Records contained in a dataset

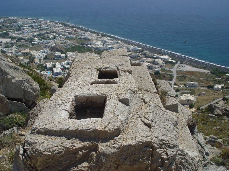 A sziklafaragásokat és lépcsőket a Mesza Vouno hegyen szenthelyként használták az ősök (Szantorini, sz)
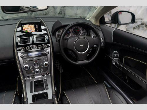 ll-grain leather - obsidian black, 2+2 seating arrangement, 20in alloy wheels - 5 spoke silver, 3.5mm auxiliary audio input socket, abs - anti lock braking system, ads - adaptive damping system with sport mode, airbag - dual-stage driver, airbag - dual-stage front passenger, airbag - front occupant side, alarm, aluminium/magnesium alloy and composite body, aston martin 700w premium audio with dolby logic ii, auto dimming interior rear view mirror, automatic temperature control, bluetooth telephone preparation, boot-mounted umbrella, brake calipers - black, bright finish grille, cruise control, dsc - dynamic stability control with track mode, door mirrors - powerfold, eba - emergency brake assist, ebd - electronic brakeforce distribution, electrically adjustable sports seats, exterior mirrors - three positions, extruded aluminium bonded vh body structure, extruded aluminium door side-impact beams, facia trim - walnut, fine contrast stitching, front parking sensors, glass ecu, graphite centre console finish and iridium silver surround, heated front seats, heated rear screen, immobiliser, integrated apple ipod connector, integrated led side lights and direction indicators, led map reading lights, led rear lights, lamy pen and pen holder, memory seats, oel - organic electroluminescent displays, rear parking sensors, remote control boot release, remote-control central door locking, satellite navigation system, servotronic speed-sensitive power-assisted steering, single bi-xenon headlights, six-cd autochanger, steering column tilt and reach adjustment, steering wheel - leather, steering wheel - leather sports, tc - traction control, tracking device, trip computer, tyre pressure monitoring system, tyre repair kit, usb connector, waveform audio format/windows media player and mpeg audio file compatibility, wind deflector
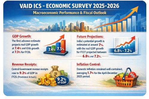 - GDP वृद्धि: वित्त वर्ष 2026 (FY26) के लिए वास्तविक GDP वृद्धि 7.4% और GVA वृद्धि 7.3% रहने का अनुमान है।
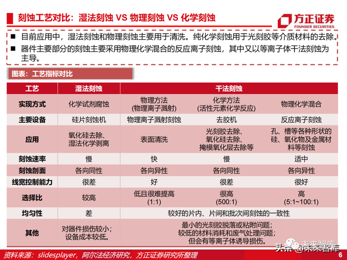 目前应用中,湿法刻蚀和物理刻蚀主要用于清洗。纯化学刻蚀用于光刻胶等介质材料的去除。器件主要部分的刻蚀主要采用物理化学混合的反应离子刻蚀,其中又以等离子体干法刻蚀为 主导。
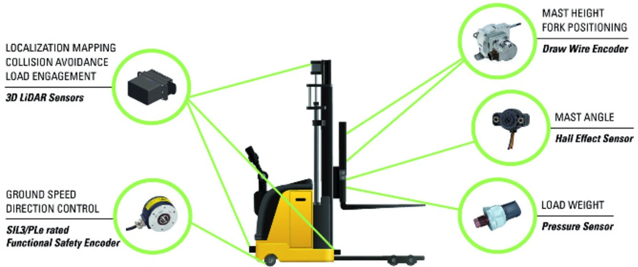 Diese Anwendungen erfordern zusätzliche Geber und Positionssensoren, um einen sicheren und kontrollierten Betrieb sicherzustellen. Die Masthöhensteuerung mag für herkömmliche Gabelstapler als verzichtbar angesehen werden, ist jedoch für fahrerlose Flurförderfahrzeuge unerlässlich.
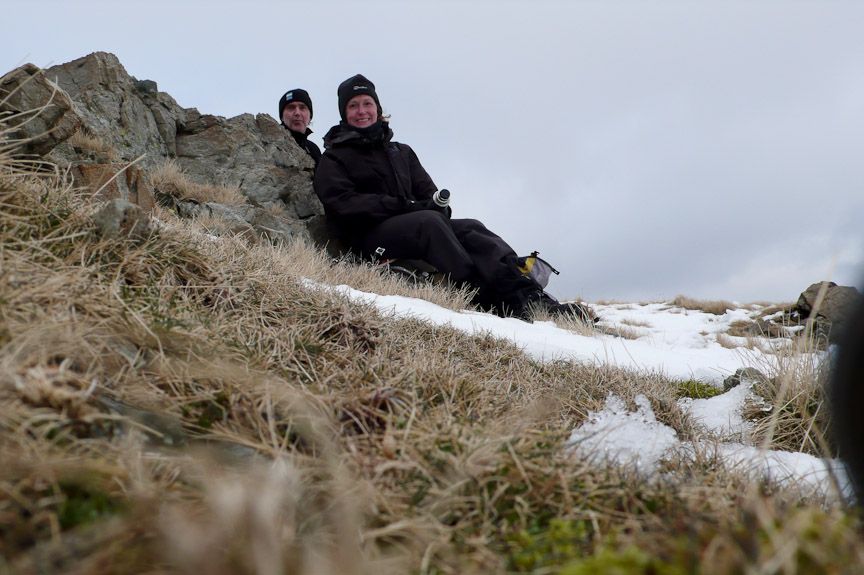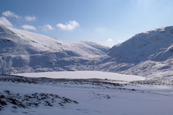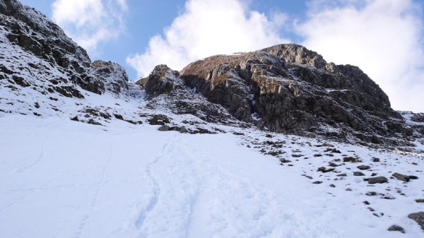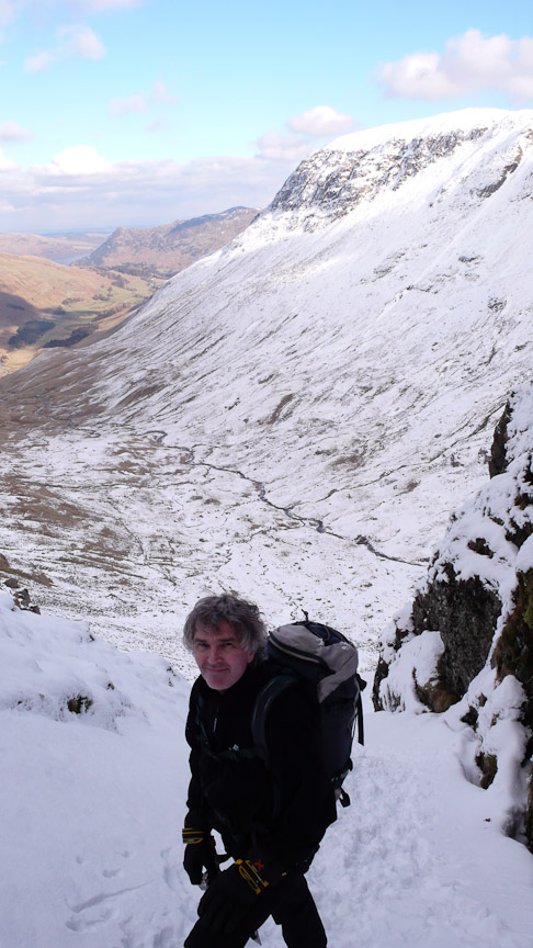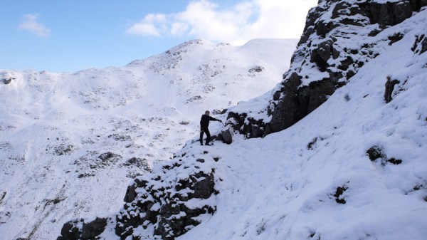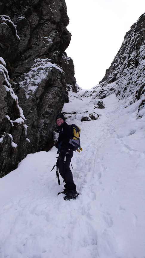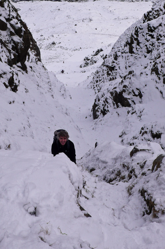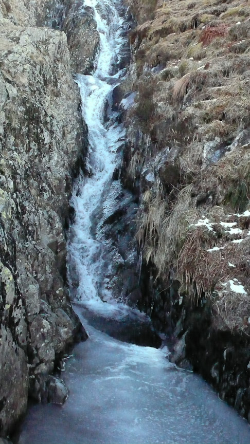It was a fairly cold night and still -3.5 when we got into the car, as there had possibly been quite a bit of snow in the week we thought that we would see what condition the gills are in. We parked at Dunmail Raise and headed to Birkside Gill. It was frozen but no where near enough to climb. We carried on up the gill for a bit and then headed up to the ridge and Willies Wife’s Moor. We traversed round above Grisedale Tarn heading to Tarn and Falcon Crags. There was frozen snow and ice on the ground covered by a fresh powder snow. There were a couple of parties in number 1 gully so we headed for number 2 gully (grade 1). It was great – a bit trampled but nice and solid under the powder snow. We descended the same way hoping to have a look at number one gully but the two parties were still at it. So we started up number 3 gully (grade 1) towards the top there was some interesting ice which was in fact quite steep and interesting. The top became very interesting as the snow became sugary. We desended number 2 gully and as the two parties were now off the first pitch we had a go at number 1 gully. It had a small ice pitch which had lost most of its ice.
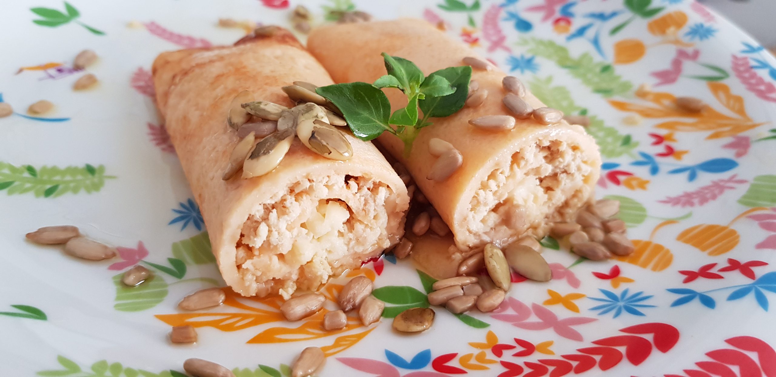 No recheio, gosto da combinação frango triturado com queijo coalho ralado. Já o molho, pode ser aquele clássico de tomate ou um toque de azeite com sementes de abóbora e girassol, que eu adoro.
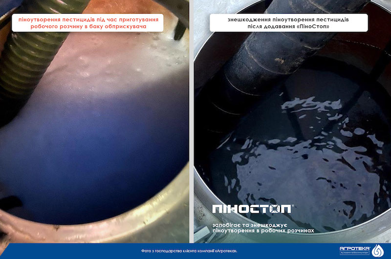 Цікавий факт: застосовувати ПіноСтоп можна як на початку приготування робочого розчину, додаючи в бак одразу після кондиціонеру Аквареді, так і тоді, коли вже розчин готується і утворилася піна. Але в другому випадку норма витрати ад'юванта буде значно вищою.
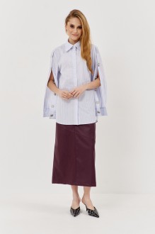 Рубашка свободного силуэта с декоративными рукавами. Характеристики: выполнена из рубашечной ткани в полоску, центральная застежка на петли и пуговицы, по спинке отрезная кокетка, по центру рукава обработана планка на петли и пуговицы, низ рукава обработан манжетой на петли и пуговицы.
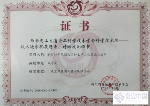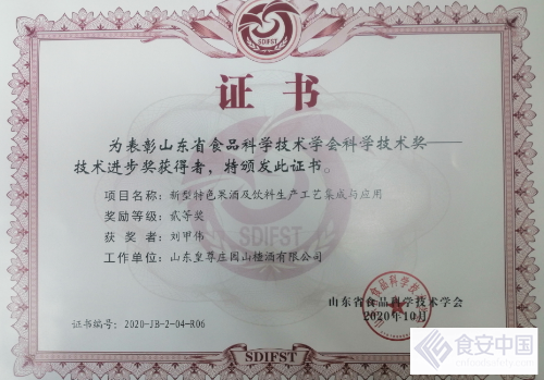 据悉,山东省食品科学技术学会设立“山东省食品科学技术学会科学技术奖”,以奖励在食品科学技术进步活动中做出突出贡献的个人和组织,促进山东省食品科技事业的发展。奖项设置技术进步奖、技术发明奖、产品创新奖等三个专项奖,均分设一、二、三等奖。山东皇尊庄园山楂酒有限公司申报的“新型特色果酒及饮料生产工艺集成与应用”项目和董事长刘甲伟分别荣获2020年度山东省食品科学技术学会科学技术奖——技术进步奖二等奖。
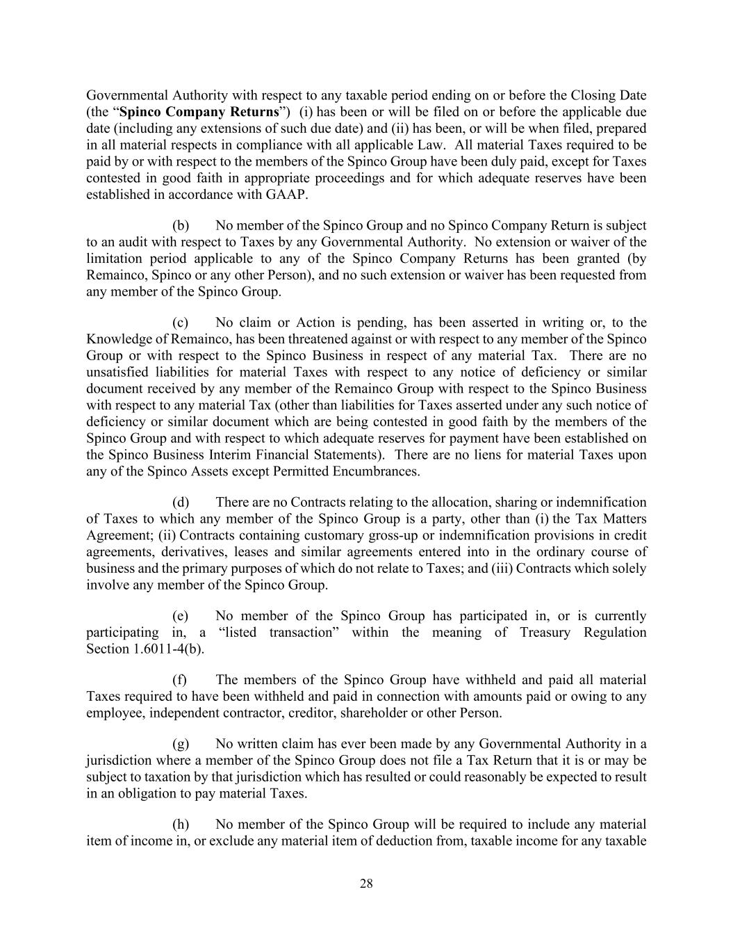 28 Governmental Authority with respect to any taxable period ending on or before the Closing Date (the “Spinco Company Returns”) (i) has been or will be filed on or before the applicable due date (including any extensions of such due date) and (ii) has been, or will be when filed, prepared in all material respects in compliance with all applicable Law. All material Taxes required to be paid by or with respect to the members of the Spinco Group have been duly paid, except for Taxes contested in good faith in appropriate proceedings and for which adequate reserves have been established in accordance with GAAP. (b) No member of the Spinco Group and no Spinco Company Return is subject to an audit with respect to Taxes by any Governmental Authority. No extension or waiver of the limitation period applicable to any of the Spinco Company Returns has been granted (by Remainco, Spinco or any other Person), and no such extension or waiver has been requested from any member of the Spinco Group. (c) No claim or Action is pending, has been asserted in writing or, to the Knowledge of Remainco, has been threatened against or with respect to any member of the Spinco Group or with respect to the Spinco Business in respect of any material Tax. There are no unsatisfied liabilities for material Taxes with respect to any notice of deficiency or similar document received by any member of the Remainco Group with respect to the Spinco Business with respect to any material Tax (other than liabilities for Taxes asserted under any such notice of deficiency or similar document which are being contested in good faith by the members of the Spinco Group and with respect to which adequate reserves for payment have been established on the Spinco Business Interim Financial Statements). There are no liens for material Taxes upon any of the Spinco Assets except Permitted Encumbrances. (d) There are no Contracts relating to the allocation, sharing or indemnification of Taxes to which any member of the Spinco Group is a party, other than (i) the Tax Matters Agreement; (ii) Contracts containing customary gross-up or indemnification provisions in credit agreements, derivatives, leases and similar agreements entered into in the ordinary course of business and the primary purposes of which do not relate to Taxes; and (iii) Contracts which solely involve any member of the Spinco Group. (e) No member of the Spinco Group has participated in, or is currently participating in, a “listed transaction” within the meaning of Treasury Regulation Section 1.6011-4(b). (f) The members of the Spinco Group have withheld and paid all material Taxes required to have been withheld and paid in connection with amounts paid or owing to any employee, independent contractor, creditor, shareholder or other Person. (g) No written claim has ever been made by any Governmental Authority in a jurisdiction where a member of the Spinco Group does not file a Tax Return that it is or may be subject to taxation by that jurisdiction which has resulted or could reasonably be expected to result in an obligation to pay material Taxes. (h) No member of the Spinco Group will be required to include any material item of income in, or exclude any material item of deduction from, taxable income for any taxable

*What is expected:* Could you output every record above exactly as written, leaving out the pictures?

*Task result:*
 A sziklafaragásokat és lépcsőket a Mesza Vouno hegyen szenthelyként használták az ősök (Szantorini, sz)
 ll-grain leather - obsidian black, 2+2 seating arrangement, 20in alloy wheels - 5 spoke silver, 3.5mm auxiliary audio input socket, abs - anti lock braking system, ads - adaptive damping system with sport mode, airbag - dual-stage driver, airbag - dual-stage front passenger, airbag - front occupant side, alarm, aluminium/magnesium alloy and composite body, aston martin 700w premium audio with dolby logic ii, auto dimming interior rear view mirror, automatic temperature control, bluetooth telephone preparation, boot-mounted umbrella, brake calipers - black, bright finish grille, cruise control, dsc - dynamic stability control with track mode, door mirrors - powerfold, eba - emergency brake assist, ebd - electronic brakeforce distribution, electrically adjustable sports seats, exterior mirrors - three positions, extruded aluminium bonded vh body structure, extruded aluminium door side-impact beams, facia trim - walnut, fine contrast stitching, front parking sensors, glass ecu, graphite centre console finish and iridium silver surround, heated front seats, heated rear screen, immobiliser, integrated apple ipod connector, integrated led side lights and direction indicators, led map reading lights, led rear lights, lamy pen and pen holder, memory seats, oel - organic electroluminescent displays, rear parking sensors, remote control boot release, remote-control central door locking, satellite navigation system, servotronic speed-sensitive power-assisted steering, single bi-xenon headlights, six-cd autochanger, steering column tilt and reach adjustment, steering wheel - leather, steering wheel - leather sports, tc - traction control, tracking device, trip computer, tyre pressure monitoring system, tyre repair kit, usb connector, waveform audio format/windows media player and mpeg audio file compatibility, wind deflector
 - GDP वृद्धि: वित्त वर्ष 2026 (FY26) के लिए वास्तविक GDP वृद्धि 7.4% और GVA वृद्धि 7.3% रहने का अनुमान है।
 目前应用中,湿法刻蚀和物理刻蚀主要用于清洗。纯化学刻蚀用于光刻胶等介质材料的去除。器件主要部分的刻蚀主要采用物理化学混合的反应离子刻蚀,其中又以等离子体干法刻蚀为 主导。
 Diese Anwendungen erfordern zusätzliche Geber und Positionssensoren, um einen sicheren und kontrollierten Betrieb sicherzustellen. Die Masthöhensteuerung mag für herkömmliche Gabelstapler als verzichtbar angesehen werden, ist jedoch für fahrerlose Flurförderfahrzeuge unerlässlich.
It was a fairly cold night and still -3.5 when we got into the car, as there had possibly been quite a bit of snow in the week we thought that we would see what condition the gills are in. We parked at Dunmail Raise and headed to Birkside Gill. It was frozen but no where near enough to climb. We carried on up the gill for a bit and then headed up to the ridge and Willies Wife’s Moor. We traversed round above Grisedale Tarn heading to Tarn and Falcon Crags. There was frozen snow and ice on the ground covered by a fresh powder snow. There were a couple of parties in number 1 gully so we headed for number 2 gully (grade 1). It was great – a bit trampled but nice and solid under the powder snow. We descended the same way hoping to have a look at number one gully but the two parties were still at it. So we started up number 3 gully (grade 1) towards the top there was some interesting ice which was in fact quite steep and interesting. The top became very interesting as the snow became sugary. We desended number 2 gully and as the two parties were now off the first pitch we had a go at number 1 gully. It had a small ice pitch which had lost most of its ice.
 No recheio, gosto da combinação frango triturado com queijo coalho ralado. Já o molho, pode ser aquele clássico de tomate ou um toque de azeite com sementes de abóbora e girassol, que eu adoro.
 Цікавий факт: застосовувати ПіноСтоп можна як на початку приготування робочого розчину, додаючи в бак одразу після кондиціонеру Аквареді, так і тоді, коли вже розчин готується і утворилася піна. Але в другому випадку норма витрати ад'юванта буде значно вищою.
 Рубашка свободного силуэта с декоративными рукавами. Характеристики: выполнена из рубашечной ткани в полоску, центральная застежка на петли и пуговицы, по спинке отрезная кокетка, по центру рукава обработана планка на петли и пуговицы, низ рукава обработан манжетой на петли и пуговицы.
 据悉,山东省食品科学技术学会设立“山东省食品科学技术学会科学技术奖”,以奖励在食品科学技术进步活动中做出突出贡献的个人和组织,促进山东省食品科技事业的发展。奖项设置技术进步奖、技术发明奖、产品创新奖等三个专项奖,均分设一、二、三等奖。山东皇尊庄园山楂酒有限公司申报的“新型特色果酒及饮料生产工艺集成与应用”项目和董事长刘甲伟分别荣获2020年度山东省食品科学技术学会科学技术奖——技术进步奖二等奖。
 28 Governmental Authority with respect to any taxable period ending on or before the Closing Date (the “Spinco Company Returns”) (i) has been or will be filed on or before the applicable due date (including any extensions of such due date) and (ii) has been, or will be when filed, prepared in all material respects in compliance with all applicable Law. All material Taxes required to be paid by or with respect to the members of the Spinco Group have been duly paid, except for Taxes contested in good faith in appropriate proceedings and for which adequate reserves have been established in accordance with GAAP. (b) No member of the Spinco Group and no Spinco Company Return is subject to an audit with respect to Taxes by any Governmental Authority. No extension or waiver of the limitation period applicable to any of the Spinco Company Returns has been granted (by Remainco, Spinco or any other Person), and no such extension or waiver has been requested from any member of the Spinco Group. (c) No claim or Action is pending, has been asserted in writing or, to the Knowledge of Remainco, has been threatened against or with respect to any member of the Spinco Group or with respect to the Spinco Business in respect of any material Tax. There are no unsatisfied liabilities for material Taxes with respect to any notice of deficiency or similar document received by any member of the Remainco Group with respect to the Spinco Business with respect to any material Tax (other than liabilities for Taxes asserted under any such notice of deficiency or similar document which are being contested in good faith by the members of the Spinco Group and with respect to which adequate reserves for payment have been established on the Spinco Business Interim Financial Statements). There are no liens for material Taxes upon any of the Spinco Assets except Permitted Encumbrances. (d) There are no Contracts relating to the allocation, sharing or indemnification of Taxes to which any member of the Spinco Group is a party, other than (i) the Tax Matters Agreement; (ii) Contracts containing customary gross-up or indemnification provisions in credit agreements, derivatives, leases and similar agreements entered into in the ordinary course of business and the primary purposes of which do not relate to Taxes; and (iii) Contracts which solely involve any member of the Spinco Group. (e) No member of the Spinco Group has participated in, or is currently participating in, a “listed transaction” within the meaning of Treasury Regulation Section 1.6011-4(b). (f) The members of the Spinco Group have withheld and paid all material Taxes required to have been withheld and paid in connection with amounts paid or owing to any employee, independent contractor, creditor, shareholder or other Person. (g) No written claim has ever been made by any Governmental Authority in a jurisdiction where a member of the Spinco Group does not file a Tax Return that it is or may be subject to taxation by that jurisdiction which has resulted or could reasonably be expected to result in an obligation to pay material Taxes. (h) No member of the Spinco Group will be required to include any material item of income in, or exclude any material item of deduction from, taxable income for any taxable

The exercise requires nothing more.